Eleanor Meecham | February 3, 2016
If you write anything at all, chances are you’ll sometimes have to proofread it yourself. You should always try to get someone else to do it if you can, but sometimes that’s just not possible.
Here are 12 tips to make the job easier.
Even if you have to do the detailed proofreading yourself, a quick read-through by a colleague or friend will still help. Spotting mistakes in other people’s work is much easier than checking your own work. They’ll be able to see all sorts of things you’ve grown blind to.
Ideally, pick someone who doesn’t know about your topic. Ask them to point out anything they don’t understand, such as technical terms that you need to explain.

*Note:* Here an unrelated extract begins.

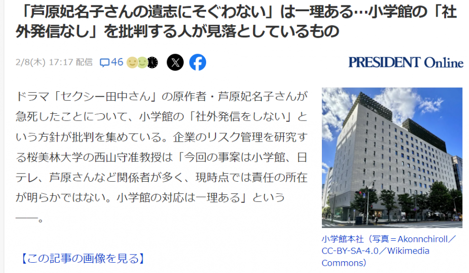 | … | 954無念Nameとしあき24/02/08(木)18:20:07No.1183958357>小学館が新たに声明を発表 |
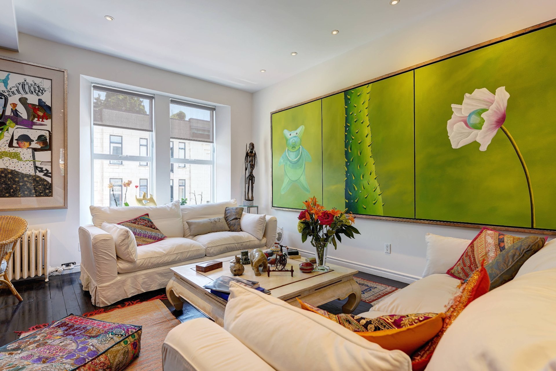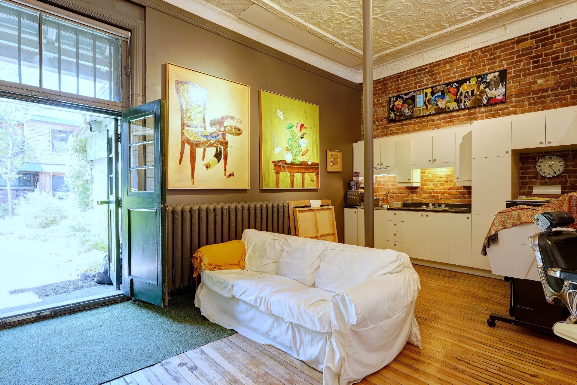 Hauteur sous plafond 10 pieds. Grande fenestration.

Time away from your writing gives you fresh perspective and helps you see where the problems are. Leave it for as long as you can before you re-read it. You’ll be amazed at what you spot with fresh eyes.

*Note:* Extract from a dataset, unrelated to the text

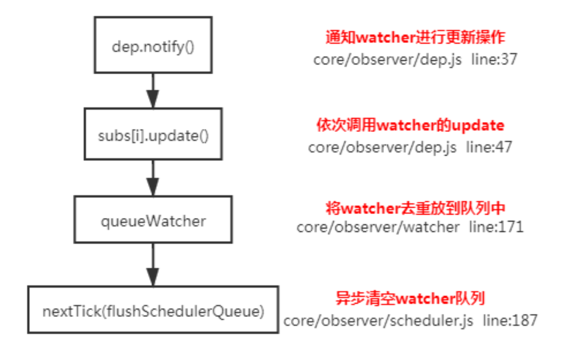 // 修改肯定是同步的 -> 更新都是一步的 queuewatcher

Reading your work on paper instead of on the computer screen helps you see it in a new way. It also makes it easier to cover bits up, get closer, and focus on one line at a time.
If you’re working on a long document, you might keep a style sheet while writing to record things like specialist words, capitalisation, and hyphenation. If your organisation has a style guide, get to know it!

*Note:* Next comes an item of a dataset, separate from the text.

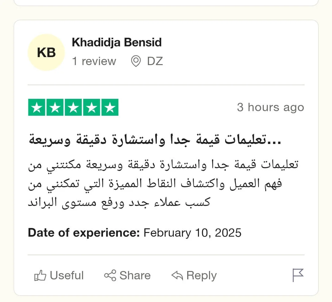 تعليمات قيمة جدا واستشارة دقيقة وسريعة مكنتني من فهم العميل واكتشاف النقاط المميزة التي تمكنني من كسب عملاء جدد ورفع مستوى البراند
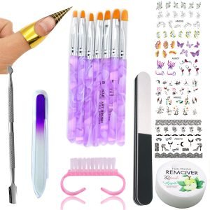 7PC Acrylic Nail Art Tips Builder Painting Brushes Pen Set,1PC Nail File Cuticle Pusher Buffer Block Brush,100Pcs Nail Extension Forms,1 Box Nail Decorations Charms 4 Sheets Nail Stickers

Keep both of these things handy while you’re proofreading. They’ll help you make everything consistent.
Perhaps the hardest thing about proofreading is concentrating. Make it easier to focus by clearing away clutter, switching off the internet, and taking the phone off the hook.
Because we usually read for meaning, we’re not used to focusing carefully on each word. To pick up errors, you need to slow down and look at each word in turn.
Be aware that this sort of concentration is hard. Your mind will wander. Focus hard for short bursts and give yourself plenty of breaks.
As well as checking spelling and punctuation, proofreading means checking numbers, headings, page headers and footers, page numbers, graphics, tables, cross-references, and formatting, among other things. You need a good list to keep you on track.
You won’t be able to check for everything at once. For example, you can’t check formatting while you’re concentrating on spelling. A better approach is to check one thing at a time. This breaks a proofreading job into small, manageable tasks, making it easier to concentrate on each. Cross each thing off your list once you’ve checked it.
Find some space away from other people and read the text aloud. If you prefer, read silently but sound out each word in your head. For long words, you can even sound out each syllable to help you spot missing letters.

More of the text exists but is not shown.